Colorado ranchers are urging state wildlife officials to define what constitutes a wolf that chronically hunts livestock and to kill or remove a wolf that has killed several cattle in Grand County.

A killed or injured seven cattle along the Williams Fork of the Colorado River near Kremmling between April 2 and May 11, but Colorado Parks and Wildlife officials have declined to kill the wolf citing, in part, evidence that the wolf is part of a breeding pair that likely has pups.

"If this ain't chronic depredation, what is?" Conway Farrell, who has lost six cattle to the wolf, asked Colorado Parks and Wildlife commissioners during an hours-long meeting on wolf control Thursday.

Commissioners and agency staff punted the question of defining "chronic depredation" and said a newly created committee would weigh in on the definition, but not necessarily make a formal recommendation, said Reid DeWalt, assistant director for CPW's Aquatic, Terrestrial, and Natural Resources branch.

The Colorado Wolf Restoration Temporary Working Group will consist of a hired mediator, four ranchers, four wolf advocates and four representatives from CPW and the state Department of Agriculture. The group will meet three times over the summer and will also work on addressing wolf conflict as it arises and building trust between state agencies, wolf advocates and ranchers, DeWalt said. The half-day meetings will not be public.

The wolf management plan created before the December reintroduction of the endangered apex predator states government officials can kill a wolf if they determine it is "chronically depredating," or killing and injuring livestock.

"There is not a specific definition of a 'chronically depredating' pack or wolf," the plan states. "CPW program managers will make the determination as to whether a situation is characterized as chronic depredation on a case-by-case basis."

Colorado voters in 2020 narrowly passed a measure mandating the state to reintroduce wolves, which were native to Colorado but exterminated from the state in the early 1900s.

The vote—supported heavily by urban voters—has caused deep frustration among the Western Slope ranchers who opposed the measure but now must deal with its consequences. The lack of clarity around the definition of "chronic depredation" and perceived inaction in the face of continued cattle killings has further angered ranchers across the state, who worry about their income, animals and family.

Grand County Commissioner Merrit Linke questioned the purpose of a committee that won't make recommendations. Farrell said the group seemed like a delay tactic so that wildlife officials could push off defining the term until the pair of wolves believed to be denning in Grand County have time to raise their pups.

State biologists have not yet seen wolf pups but believe the pair of wolves have procreated, DeWalt said. Based on a typical wolf breeding schedule, the pups would likely be about eight weeks old now and would start traveling with their parents in late summer, he said.

Part of the reason state biologists haven't been able to visually confirm wolf pups is because some landowners in the area have stopped allowing CPW staff onto their property, Tim Ritschard, president of the Middle Park Stockgrowers Association, said in an interview.

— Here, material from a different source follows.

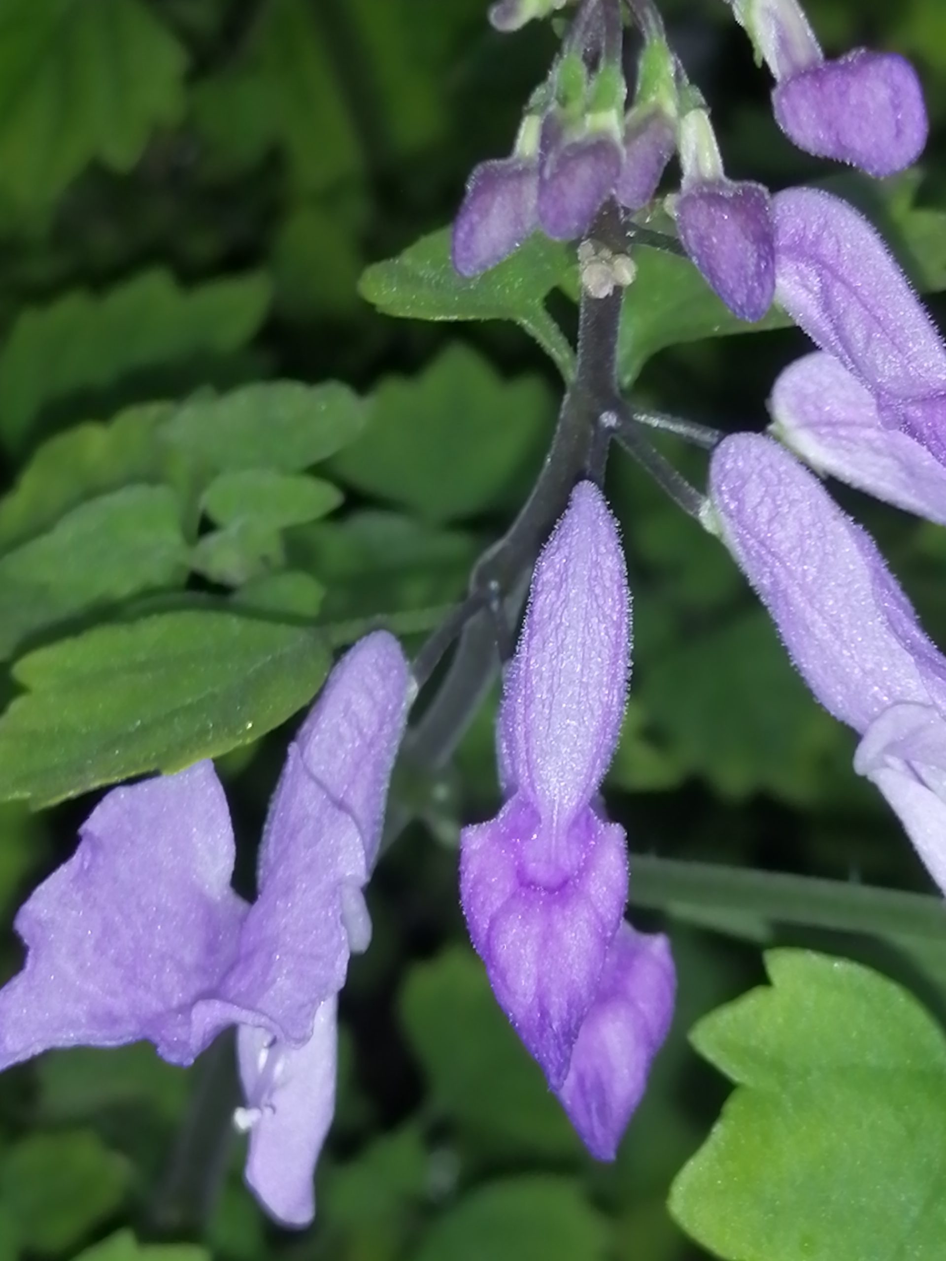 Pianta erbacea, semi succulenta a base legnosa. Ha piccole foglie verde intenso a margini dentati e produce graziose spighe di fiori lavanda porpora.

The association in a series of letters has repeatedly asked Jeff Davis, director of Colorado Parks and Wildlife, to kill or remove the depredating wolf. But Davis has repeatedly declined.

CPW staff have given ranchers numerous tools to help scare away wolves from their property, including foxlights, cracker shells and 5 miles of fladry around four ranches, DeWalt said. The agency also issued nine permits that allow ranchers to use deterrents that could injure, but not kill a wolf, like rubber buckshot. The state also spent $20,000 for a range rider to guard cattle from wolves during the night. The state has also hired two wolf conflict specialists and plans to hire one more.

The nonlethal methods have been working to a certain point, Ritschard said, but explosives and lights won't work forever. They become less effective once a wolf realizes they are not harmful.

Defending cattle in the area will become more complicated as herds are moved to summer pastures, which are much larger, he said. The number of cattle in the valley triples in the summer, and the animals will become more spread out.

"If we start having issues somewhere else in the county, we're going to have to hire three or more range riders," Ritschard said. "And that's just one county."

Wolf advocates applauded agency leaders for not killing the depredating wolf and urged more patience. They cited the amount of effort and taxpayer money spent to reintroduce wolves in Colorado and that nonlethal methods must be given a chance. They noted that ranchers are compensated for the of killed or maimed animals.

"What we're seeing is an immediate reach for guns," said Delia Malone, an ecologist and president of ColoradoWild.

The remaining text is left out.